= At What a Price =

At What A Price is a play by Jamaican feminist and writer Una Marson. It was co-written with her friend Horace Vaz in 1931 when Marson was 26 and first performed in Jamaica in 1932. The play's success provided funds for Marson to travel to London, where it was staged at the Scala Theatre on Charlotte Street in January 1934. Other performances in London included at the YWCA Central Hall on Great Russell Street on 23 November 1933. This performance featured an all Black cast, and was described by Harold Moody as "the first time anything of the kind has been done by an amateur group."

Marson herself performed in the production at the Scala Theatre which was staged by civil-rights organisation The League of Coloured Peoples.
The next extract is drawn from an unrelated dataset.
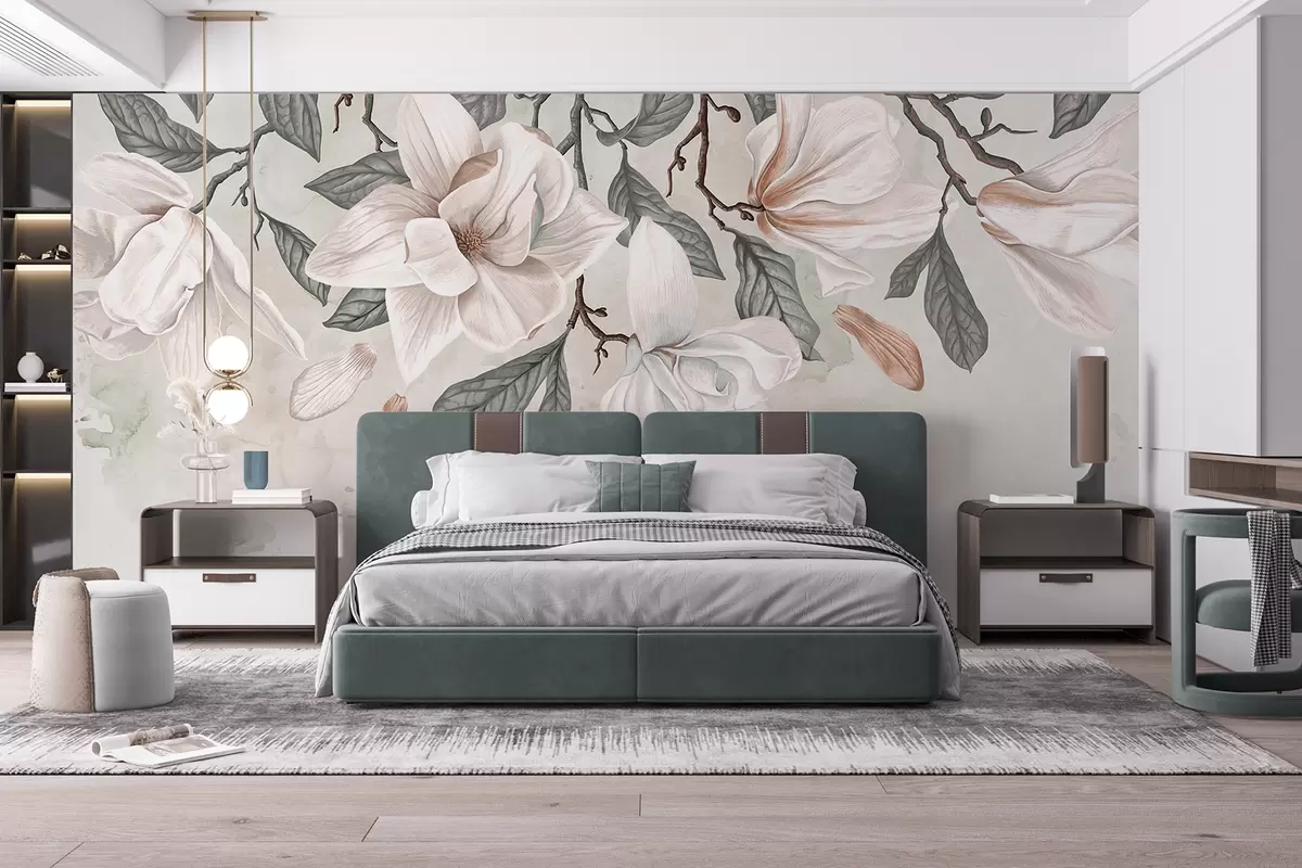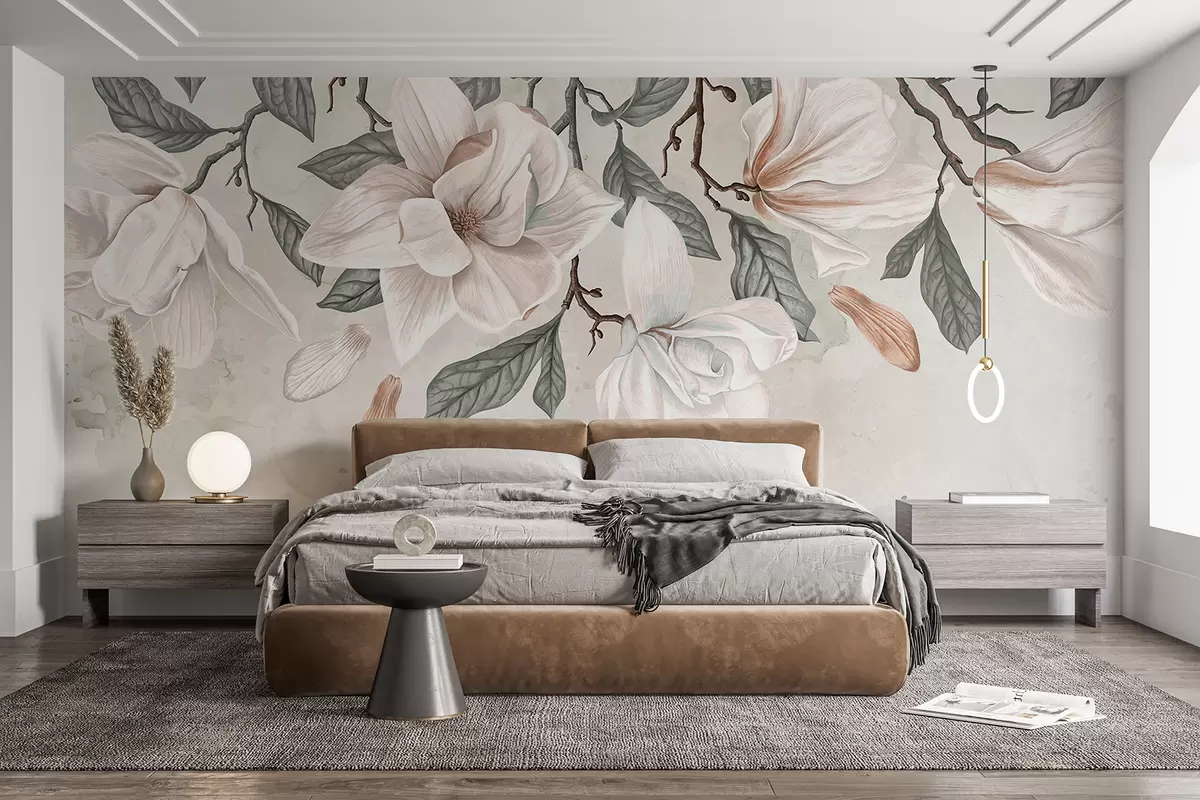 Fototapetai Šviesiame fone švelnūs rožiniai ir balti magnolijos žiedai su žaliais lapais, švelni, gėlių kompozicija Nr. w07977

It was the first all-Black production in London's West End which is more usually identified as Toussaint Louverture by C.L.R. James but which was not performed until 1936. Marson is also the first Black female playwright to have had her work performed in the West End, which contemporary British Theatre credits to Natasha Gordon for her 2018 play Nine Night.

In its depiction of the exploitation of a naive young Black woman from the Jamaican countryside, the four act play explores themes of women's desire, interracial relations and sexual harassment in the workplace.

The only known surviving manuscript is in the Lord Chamberlain's Plays collection at the British Library.

== Plot ==
Ruth Maitland is a young black woman from the countryside who travels to the Jamaican capital Kingston to find work. She finds a job as a stenographer and is seduced by her employer, a white British man named Gerald Fitzroy by whom she falls pregnant. At the end of the play Ruth is back in rural Jamaica where she is proposed to by a long term admirer called Rob.